I was interested to see your references to John Borlace Joll of Falmouth.
There is an extensive and well documented pedigree of the Borlace / Borlase family which goes back to the Norman invasion, and in fact slightly prior, but one of the grey areas surrounds this connection with the Joll family at Falmouth in the late eighteenth and early nineteenth centuries.
The two families seem to have been connected for the best part of at least a hundred and fifty years.
William John Borlace (1853 – 1931) was the son of John Borlace (1810 – 1882) and Ellinor Thomas.
This John Borlace was born in Falmouth of John Borlace Joll and his wife Margaret (nee Grundry).He apparently ran away to the Royal Navy in 1823 and deserted in order to marry Ellinor, from Cove in Southern Ireland, subsequently rejoining the Royal Navy, serving with some distinction and earning a naval pension.It is believed he rejoined, having, for obvious reasons, dropped the Joll part of his name.Interestingly, his death in Devonport in 1882 was witnessed by Frederick Joll, named as his nephew.There are conflicting accounts of his first service with the RN, one account being that he went against his mother’s wishes, and another alleging that she arranged for him to be pressed into service, as she didn’t want him on hand.He seems to have been in character from a long line of alternate heroes and rogues, and amongst other anomalies in his papers it is quite possible they altered Ellinor’s age by a couple of years upward in order to marry.There was a daughter born in 1850, and quite possibly a son in 1836, who is proving hard to trace, notwithstanding the explanation of why the fourteen year gap between births.
There appears to have been some family rift at this time, and inevitably it was probably in connection with quite considerable estates in Cornwall.The property of Castle Horneck was left to a cousin rather than a son for some reason around about this time, and a stepson who subsequently came into the family and wrote a family history seems to have deliberately tinkered with some relationships, all also around this period.However, the Joll family, or at least some members seem to have kept contact with John and Ellinor, as amongst the papers there is a birth certificate for a son born to Frederick Joll and Mary (nee Eustice) in 1853, named as John Borlace.

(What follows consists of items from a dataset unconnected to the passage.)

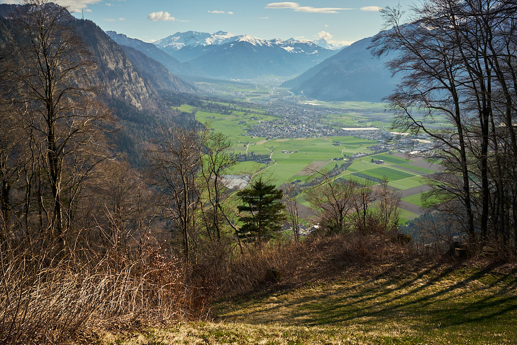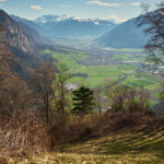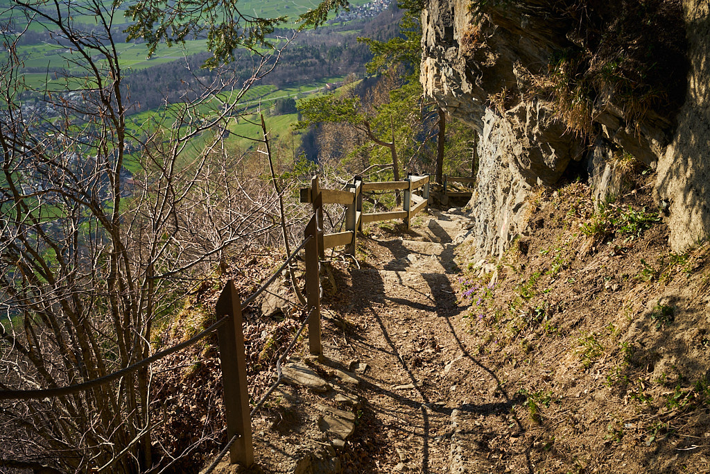 Die letzten paar Meter zum höchsten Punkt auf dem Fadärastein mit einem kleinen Rastplatz musste ich schiebend auf einem Wurzelweg zurücklegen. Von diesem Aussichtspunkt eröffnete sich eine grandiose Aussicht auf das gesamte Rheintal von Chur über Landquart bis hin ins Sarganserland zum Gonzen.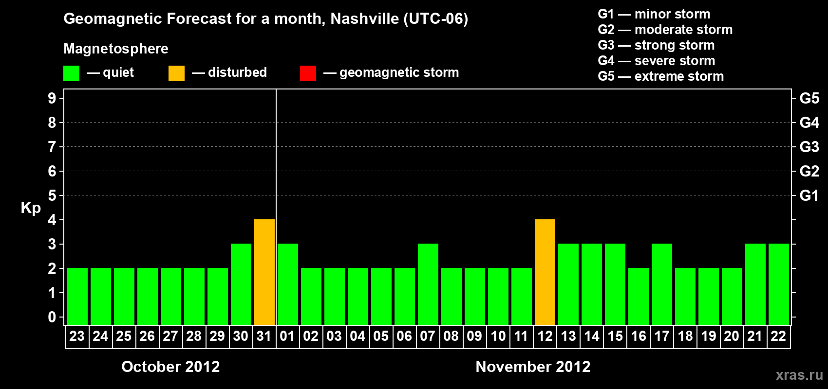 Geomagnetic storm forecast in Nashville for Oct 23, 2012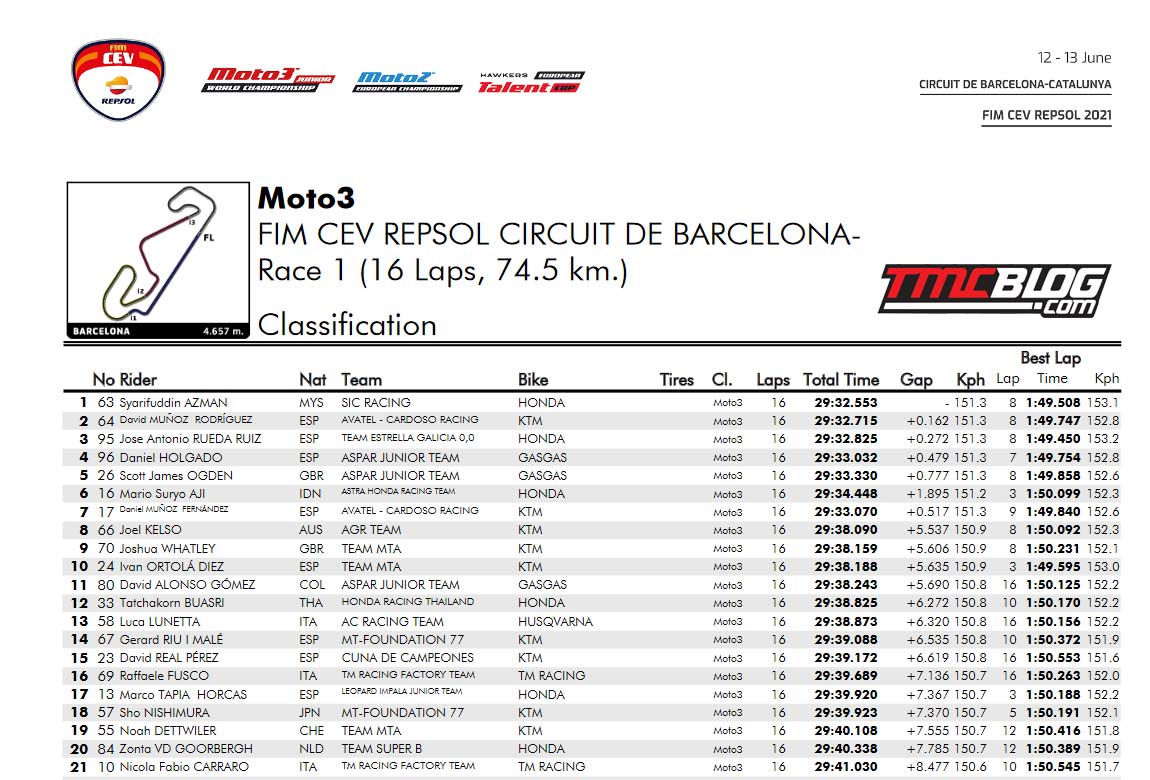 Tetapi akhirnnya hasil Final menempatkan Mario Aji di Posisi 6 setelah Daniel Munoz diturunkan Oleh RD Ke posisi 7 dari awalnya Finish Posisi 5. Race sendiri dimenangkan Oleh Syarifuddin Azman dari Malaysia . . Kita simak race 2 Mulai jam 19 nanti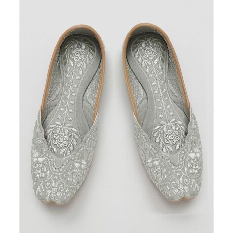 [型番:IRJP6104-2026]植物モチーフの刺しゅうがエレガントに映える、ジュッティタイプのフラットシューズ。インドの伝統と華やかさを取り入れつつ、歩きやすさにもこだわった一足。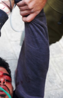 Ibrahim Saadi diseret dalam keadaan kepalanya berdarah ditembak serdadu zionis Jum’at lalu. Sampai kini belum ada kejelasan kondisinya di penjara. foto: Occupied Palestine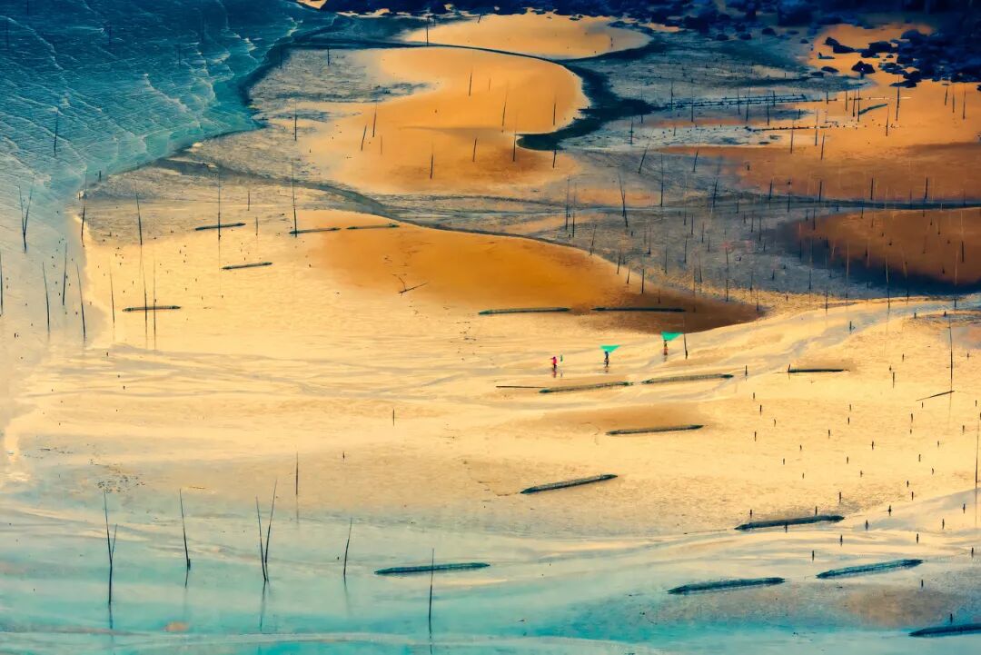 滩涂上万根竹竿插成一块块方形的网框,由远及近,绵延数十里,蔚为大观。

The JBJ married to Margaret Grundry was trying to prove right to properties in Cornwall in 1830.He appears to have been born in 1778 to parents Roger Jowl and Jane Collings, married in Lanlivery on 1st October 1777.They had at least two other children, Francis born in 1804 and Ann born in 1806.They seem to have moved from Falmouth to the Devonport area in the early part of the nineteenth century.
For the name Borlace to be used as a middle name, one would normally expect there to have been a female Borlace marrying into the family at some not too distant point in the past.
I hope this may be of some interest to you – I am afraid that if it seems a little jumbled it is because I am presently out of England and not with the papers.I would certainly be interested if you could furnish me with details of the descendant line from John Borlace Joll and Margaret Grundy.